In Hinduism whatever we mean by God is simply the ultimate reality that at some level is reflected in ourselves and our visible world (sometimes this is labeled pantheism--everything is God), and it marks what it called an "immanent" view.

In Western thought, though, God is outside the picture of the world, an eternal, entirely non-physical substance as different from the world in which we live as an artist is different from the painting he might create. This is a "transcendent" view.

This does lead to different conceptions of what a spiritual life should be. For Hinduism, typically it is the meditation that allows our consciousness to rediscover what it is in itself (tat tvam asi). For Westerners, it is reaching out to a reality that is not the same as ourselves. It is the difference between saying you really are God but you just have to work at knowing it and saying you are not God but you need to reach out to find him.

It also leads to a difference in what is regarded as a sacred text. In India it is more likely to be the report of someone who has become enlightened. In the West it is the report of someone who has been contacted by God.


HOW TO LOOK AT WESTERN TRADTIONS


In various assignmentsI have been asking you to look at familiar ideas from the perspective of someone used to an Asian outlook. As I've said before, one reason for studying the Asian traditions as a group in the first half of the course has been to set up a new way of seeing what is really distinctive in the three Abrahamic traditions.

With the legend of Abraham we have a mix of old ideas and new. What is striking about the story of his being told to sacrifice his son is not really the idea of human sacrifice itself (it was common enough in the Mideast at his time just as it was in Mexico or Hawaii at the time of European contact) but the notion of a distinctive deal with a very jealous divinity. In India or China, just as in the mythologies of ancient Greece and Rome, gods and mortals were believed to interact, but the interesting direction taken in Hinduism and Buddhism was to move beyond mythology altogether. The concept of Brahman, for example, parallels the development of monotheism in the West but completely lacks the political implications it had from Abraham on.

The God of Abraham is presented in the Torah as the creator of the world, but his relationship with humanity after the "original sin" of Adam is limited to the descendants of a single individual. Since the notion of personal immortality (heaven and hell and all that) was not clearly developed in Hebrew tradition, the political dimension would have to be what mattered.

With Christianity and Islam, which would hold personal immortality as well as the resurrection of the dead as basic tenets, the strictly political dimension becomes less important. Instead, there is the idea that the God of Abraham is the one God to to be worshipped in a correct way by all humanity, and with that comes the notion that there is an obligation to "convert" non-believers, by force if necessary.

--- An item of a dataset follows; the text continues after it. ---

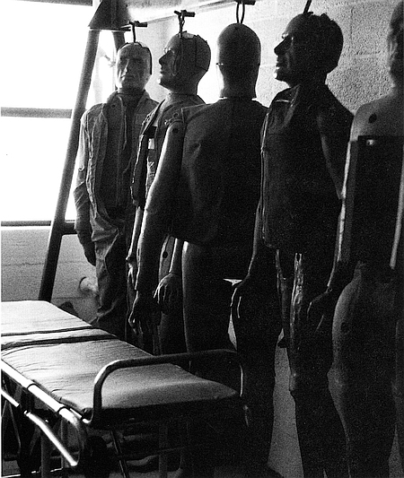 | Alderson Laboratories Anthropomorphic Dummies Hanging in Laboratory. | |
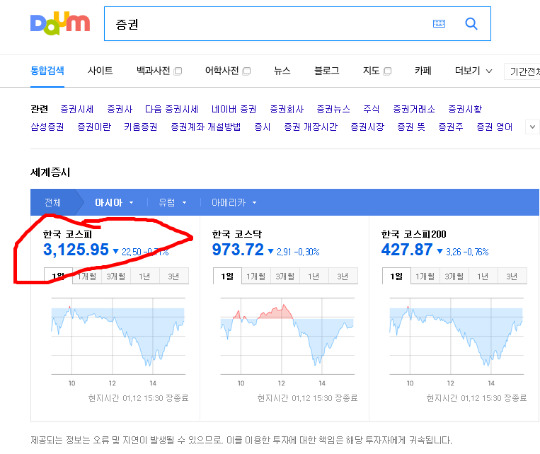 다음에서 증권을 검색 한 후에 코스피를 눌러줍니다. 코스닥이나 코스피200을 눌러도 상관 없습니다.

ONe thing you should do is contrast Christian and Buddhist approaches. Both traditions spread worldwide largely through the influence of missionaries belonging to religious communities (originally just monks), but what I want you to be thinking about the idea of a soul being either "saved" or "lost" would make Christians see their job differently. You might also think about how for the Christian there would still be political implications in all this that would not be there for the Buddhist (a case study would be the way in which Spain viewed the conquest of the Aztecs as in essence a religious duty).